What is required: For this exercise, return exactly the lines of the material below that begin at the one with "Yuqoridagi infografikamizda, Sputnik" and stop after the one with "DOWJONES (US30) (CME)".

Input:
═══
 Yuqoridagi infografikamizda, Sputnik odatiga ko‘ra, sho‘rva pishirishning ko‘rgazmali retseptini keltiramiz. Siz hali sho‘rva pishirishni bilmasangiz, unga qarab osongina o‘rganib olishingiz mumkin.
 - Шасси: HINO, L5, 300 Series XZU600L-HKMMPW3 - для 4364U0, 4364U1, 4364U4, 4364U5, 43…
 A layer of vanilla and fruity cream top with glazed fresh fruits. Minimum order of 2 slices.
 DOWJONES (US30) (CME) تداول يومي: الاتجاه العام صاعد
═══
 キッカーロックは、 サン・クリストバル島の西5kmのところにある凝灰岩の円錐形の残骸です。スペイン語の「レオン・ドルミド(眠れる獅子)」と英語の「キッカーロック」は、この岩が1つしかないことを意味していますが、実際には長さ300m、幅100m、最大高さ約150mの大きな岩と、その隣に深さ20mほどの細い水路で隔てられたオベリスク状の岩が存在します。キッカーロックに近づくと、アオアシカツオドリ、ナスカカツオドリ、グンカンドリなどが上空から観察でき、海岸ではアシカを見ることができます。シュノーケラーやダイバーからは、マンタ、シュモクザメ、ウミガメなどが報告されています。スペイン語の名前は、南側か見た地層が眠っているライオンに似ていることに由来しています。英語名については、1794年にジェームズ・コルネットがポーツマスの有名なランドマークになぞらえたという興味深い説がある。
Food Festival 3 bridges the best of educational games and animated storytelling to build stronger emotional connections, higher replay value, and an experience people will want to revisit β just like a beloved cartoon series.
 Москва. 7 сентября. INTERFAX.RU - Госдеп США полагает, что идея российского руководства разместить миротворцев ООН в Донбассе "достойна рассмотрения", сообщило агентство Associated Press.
═══
Output of the task:
 Yuqoridagi infografikamizda, Sputnik odatiga ko‘ra, sho‘rva pishirishning ko‘rgazmali retseptini keltiramiz. Siz hali sho‘rva pishirishni bilmasangiz, unga qarab osongina o‘rganib olishingiz mumkin.
 - Шасси: HINO, L5, 300 Series XZU600L-HKMMPW3 - для 4364U0, 4364U1, 4364U4, 4364U5, 43…
 A layer of vanilla and fruity cream top with glazed fresh fruits. Minimum order of 2 slices.
 DOWJONES (US30) (CME) تداول يومي: الاتجاه العام صاعد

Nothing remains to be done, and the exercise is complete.